-- PROBLEM REQUIREMENTS --
Please print, exactly, only the lines in the entries below from the line that has "Porte extérieure moderne" through the line that has "Jannick Jacket by". Pictures don't go in.

Data records

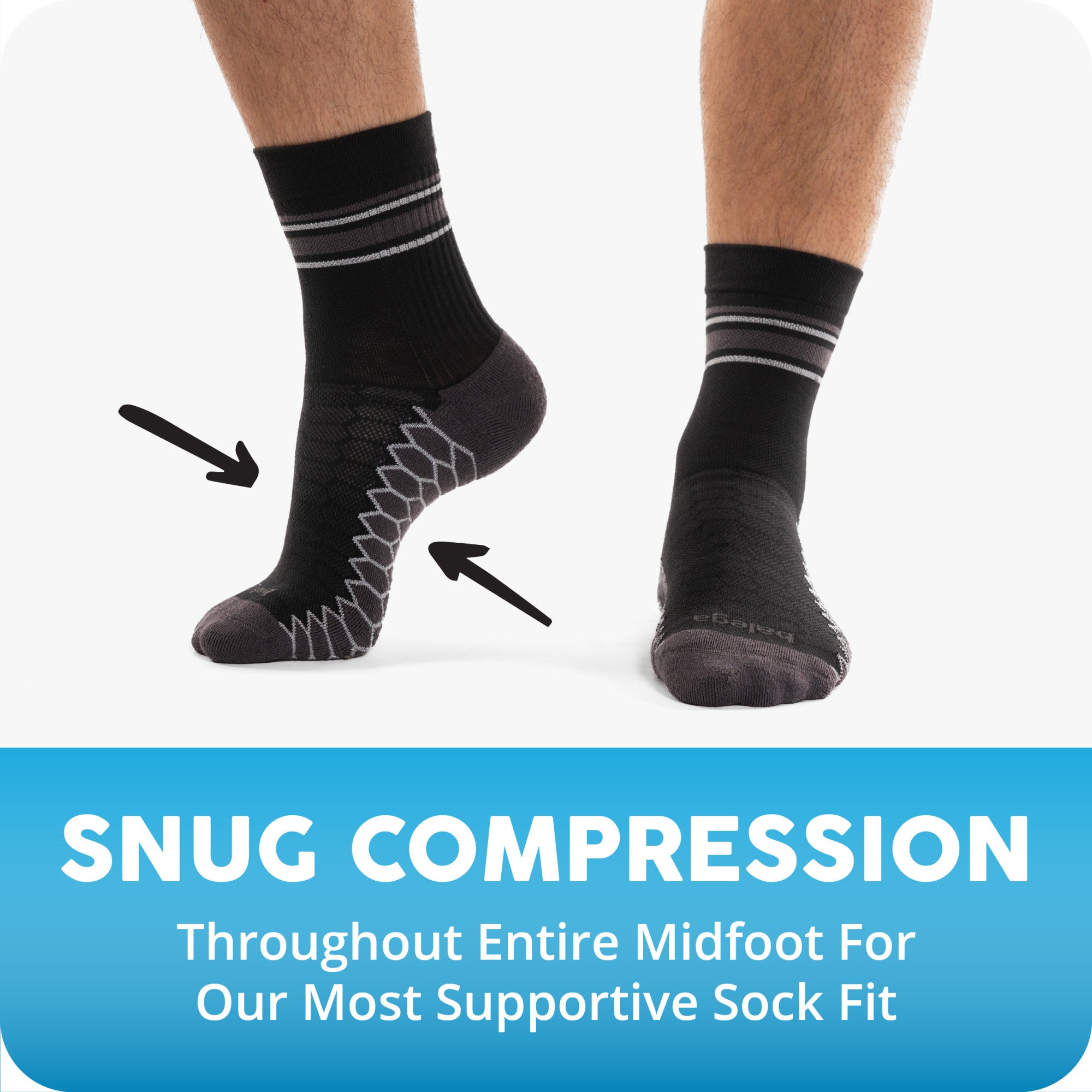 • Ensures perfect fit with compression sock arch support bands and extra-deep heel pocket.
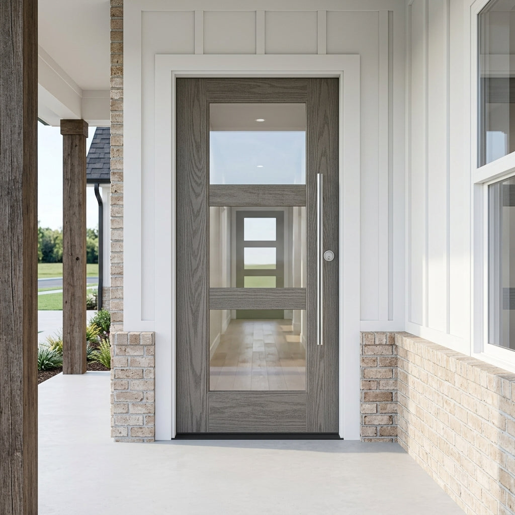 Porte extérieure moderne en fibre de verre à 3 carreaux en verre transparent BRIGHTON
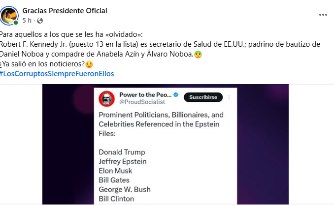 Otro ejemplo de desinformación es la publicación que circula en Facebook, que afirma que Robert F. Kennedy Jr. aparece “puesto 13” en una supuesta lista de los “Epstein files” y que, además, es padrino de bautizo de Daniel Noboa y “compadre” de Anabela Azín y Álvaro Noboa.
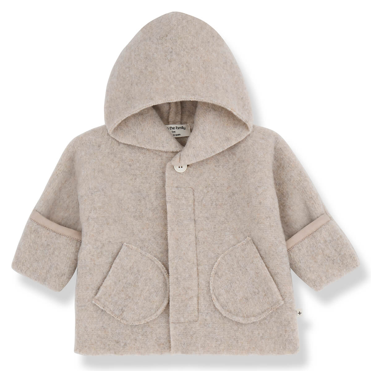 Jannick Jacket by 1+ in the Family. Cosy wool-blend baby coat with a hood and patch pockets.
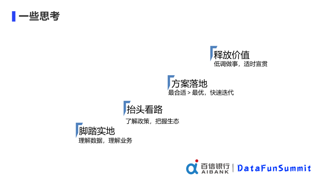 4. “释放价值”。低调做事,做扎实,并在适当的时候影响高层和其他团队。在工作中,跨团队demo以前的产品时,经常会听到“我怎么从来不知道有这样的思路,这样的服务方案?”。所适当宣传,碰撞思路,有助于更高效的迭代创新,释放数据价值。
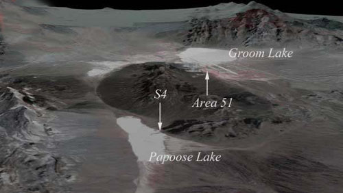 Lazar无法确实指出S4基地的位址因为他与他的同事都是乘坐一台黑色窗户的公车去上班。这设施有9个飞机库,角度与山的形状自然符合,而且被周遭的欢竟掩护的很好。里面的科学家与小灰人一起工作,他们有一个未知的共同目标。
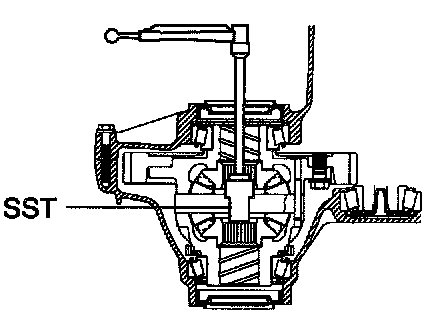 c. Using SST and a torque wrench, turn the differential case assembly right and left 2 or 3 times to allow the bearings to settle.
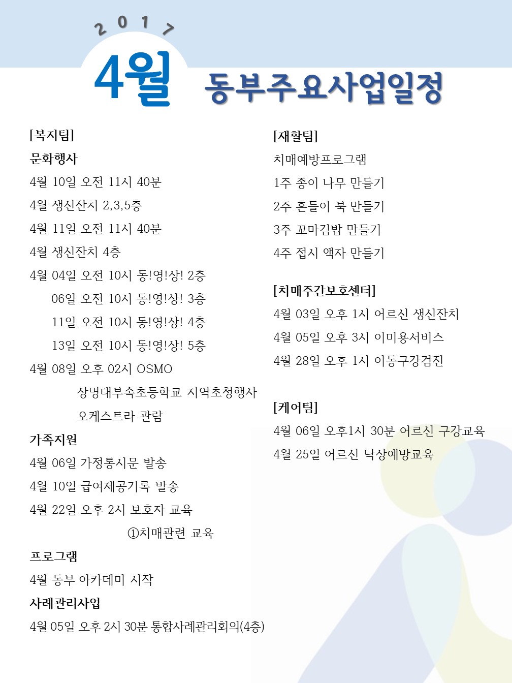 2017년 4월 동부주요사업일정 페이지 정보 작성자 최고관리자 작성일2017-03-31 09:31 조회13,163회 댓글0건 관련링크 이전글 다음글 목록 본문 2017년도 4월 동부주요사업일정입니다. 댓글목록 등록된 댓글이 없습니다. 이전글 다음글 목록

-- ANSWER BOX --
 Porte extérieure moderne en fibre de verre à 3 carreaux en verre transparent BRIGHTON
 Otro ejemplo de desinformación es la publicación que circula en Facebook, que afirma que Robert F. Kennedy Jr. aparece “puesto 13” en una supuesta lista de los “Epstein files” y que, además, es padrino de bautizo de Daniel Noboa y “compadre” de Anabela Azín y Álvaro Noboa.
 Jannick Jacket by 1+ in the Family. Cosy wool-blend baby coat with a hood and patch pockets.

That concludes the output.